Jack Yu est muté à Chinatown, quartier où il a grandi. Dans un secteur à 99% chinois, 99% des flics sont blancs. Jack Yu est donc le « chinois de service », le seul capable de comprendre les mentalités des habitants, dans un secteur où, par principe, on n’aime pas les flics. Lorsqu’une fillette de dix ans est violée dans une cage d’escalier, on préfère faire appel à la communauté, pas aux diables blancs. Oncle Quatre, figure de la communauté chinoise et patron des Hip Chings, un gang d’origine hong-kongaise, est descendu froidement.
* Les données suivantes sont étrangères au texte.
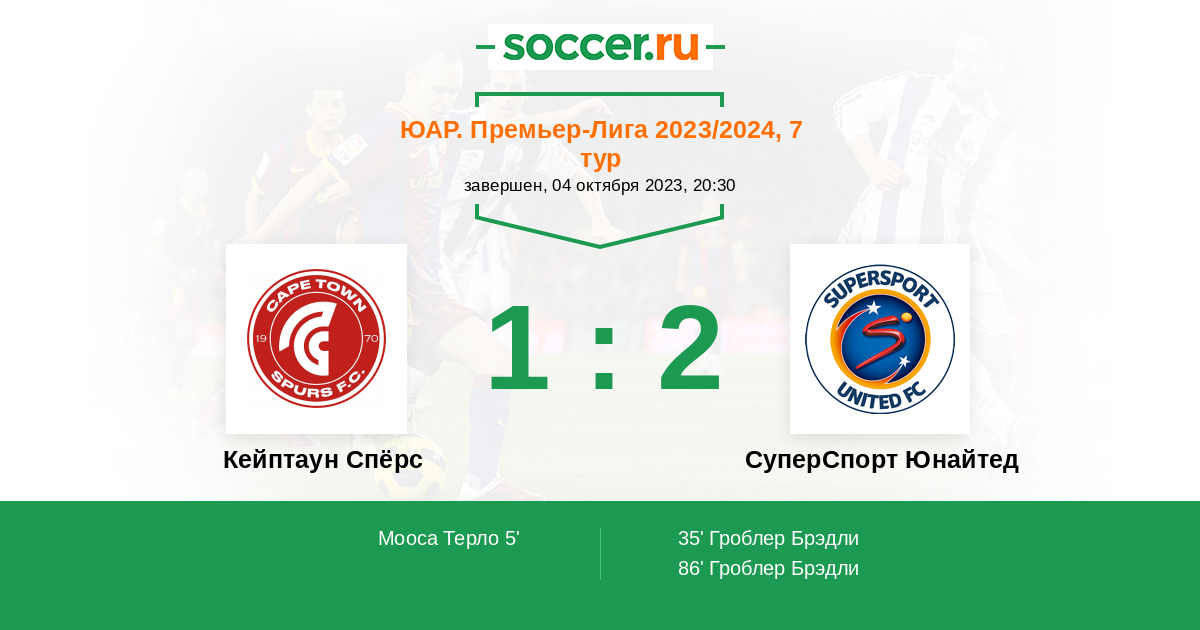 Протокол матча Кейптаун Спёрс против СуперСпорт Юнайтед

Chinatown Beat est un polar qui se déroule à New-York dans le quartier éponyme. On y suit Jack Yu, seul policier d’origine chinoise, dans son commissariat. La communauté chinoise fait plutôt appel à lui lorsqu’un crime est commis dans le quartier. C’est le cas lorsque Oncle Quatre, un baron de la drogue est abattu froidement…

Ce roman m’avait l’air prometteur. Un flic chinois comme on en voit peu, une ambiance délétère où les gangs ont tout pouvoir. Il ne m’en fallait pas plus. Hélas! J’ai été extrêmement déçue. On nous amène d’abord sur la piste d’un violeur de fillettes qui opère en plein jour. La piste à peine ouverte ne sera jamais suivie. L’auteur y reviendra en toute fin de roman pour nous dire que l’auteur des faits a été arrêté sans qu’on sache comment!

L’intrigue met ensuite beaucoup de temps à arriver. Chinatown Beat est davantage un roman sur la communauté chinoise de New-York qu’une enquête à proprement parler. Celle-ci arrive bien tard et n’a pas vraiment retenu mon intérêt. Le dynamisme du début perd vite son souffle. L’auteur dresse surtout un portrait du quartier de Chinatown, tenu par les gangs chinois, plutôt qu’autre chose. Je m’y suis presque ennuyée.

On en retiendra surtout une étude détaillée d’une communauté qui a ses propres lois et qui préfère régler ses problèmes elle-même plutôt que compter sur la justice. C’est une grosse déception pour ma part.

Chinatown Beat n’aura pas su m’emporter. L’intrigue très maigre au profit de la description d’un quartier ne m’a pas convaincue.